Zuruf von Jochen Jung

Lesen Sie gefälligst Bücher!

3. Juli 2015
von Börsenblatt
Denn das ist "eines der großen Vergnügen, die man in unserer Zeit noch haben kann". Nur fehlt es an klaren Ansagen an die Mitmenschen, sie zur Lektüre zu verpflichten. Seid dabei nicht zimperlich, rät Jochen Jung.

Kürzlich schenkte meine Tochter mir einen groß­artigen Cartoon von Til Mette, auf dem ein mittelaltes Paar einen Raum mit Bücherregalen bis zur Decke bestaunt, und er zu ihr sagt: "So eine Art Wärmedämmung aus dem 20. Jahrhundert." Das Tolle an dem Satz ist natürlich nicht der ­bücherverachtende Unterton, sondern dass es tatsächlich nichts Besseres gegen die allgemeine Zivilisationskälte und Menschenvergesslichkeit gibt als Bücher. Dazu passt wiederum ein Satz, den ich kürzlich von dem noch großartigeren Michael Haneke hörte: "Das ist eines der großen Vergnügen, die man in unserer Zeit noch haben kann: Lesen."

Wer von uns Bücherfreunden wollte da nicht zustimmen: Lesen bringt’s! Aber leider muss man auch ergänzen: am Lesen hapert's. Und zwar am Lesen von Büchern, von dem, was in Leseplänen früher Ganztexte hieß, das heißt, nicht nur Mails, Untertitel und Gebrauchsanweisungen, sondern so altmodische und wunderbar umständliche Dinge wie Erzählungen und Romane.

Schon lange wissen wir ja, dass es nicht reicht, die Eltern und Lehrer lieb zu bitten, die Kleinen doch gefälligst … Oder sich damit zu beruhigen, dass man ja auch im Internet ohne Lesen nicht vorankommt. Es geht um weitere Zusammen­hänge und Imaginationen.

Ich ertappe mich inzwischen gelegentlich dabei, mir zu wünschen, man sollte das Lesen anordnen. In meiner Jugend war man noch selbstverständlicher von Imperativen umgeben in freundlich gemeintem Befehlston, zum Beispiel: "Fasse dich kurz!" oder "Esst mehr Obst, und ihr bleibt gesund." Das las man an Gemüseläden und auf den Papiertüten, in denen man die gekauften Äpfel davontrug. Noch heute kann ich kaum in einen Apfel beißen, ohne daran zu denken (was auch heißt: ohne daran zu glauben).

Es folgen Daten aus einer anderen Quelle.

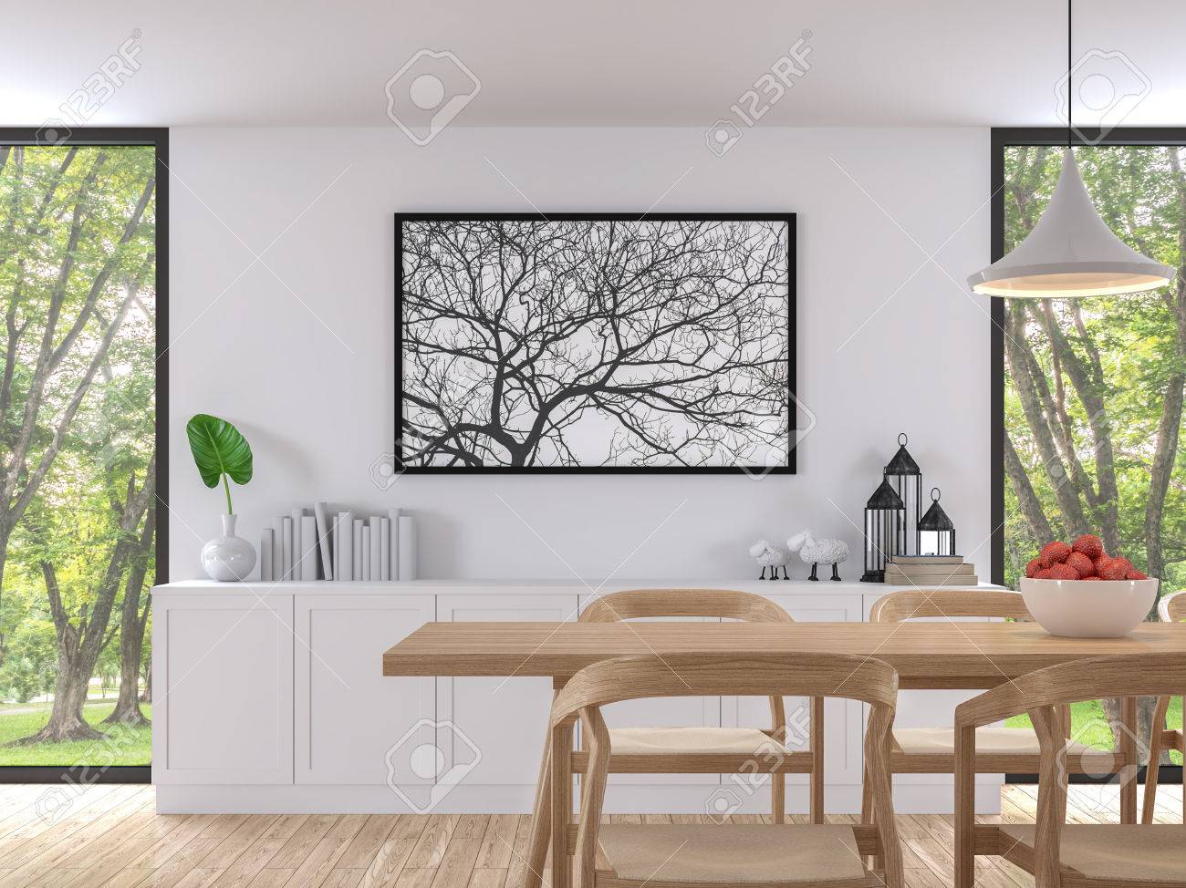 Image De Rendu 3d Moderne Salle A Manger Blanche Il Y A Du

Vielleicht sollten wir als Lehrer, Eltern, Buchhändlerin und Buchkenner unsere christliche Zimperlichkeit zwischendurch ablegen und ruhig etwas aggressiver andere zu Büchern und ihrer Lektüre verpflichten: Lies dieses Buch und erzähl mir, was drinsteht, dann darfst du auch am Samstagabend bis eins … A propos christlich: Schon Augustin (der heilige, nicht der liebe lustige August) wurde durch einen Imperativ auf seinen richtigen Weg gebracht, auf lateinisch natürlich (was ja noch viel abartiger ist als jedes Buch): "Tolle, lege!" "Nimm und lies!" Nimm ein tolles Buch und leg dich damit aufs Sofa. Aber man kann ja nicht immer darauf warten, dass einen der Engel besucht, dem man nicht widerstehen kann, es genügt, wenn der freundliche Nachbar spricht: "Haben Sie schon Donna Tartt gelesen? Nein? Sollten Sie aber. Dagegen ist jeder Tatort ein Glas Milch!"

Bücher sind in der Tat mehr als der dekorative Background für gepflegte Abendunterhaltungen. Sie sind die Stütze unserer Kultur, und nicht nur die eines wackligen Fernsehapparats. Man kann auch ruhig mal Leuten, die das nicht hören wollen, sagen, was Bücher einem (selbst) bedeuten, was für Wundertüten Bücher sind! Und gesund wie Äpfel sind sie auch!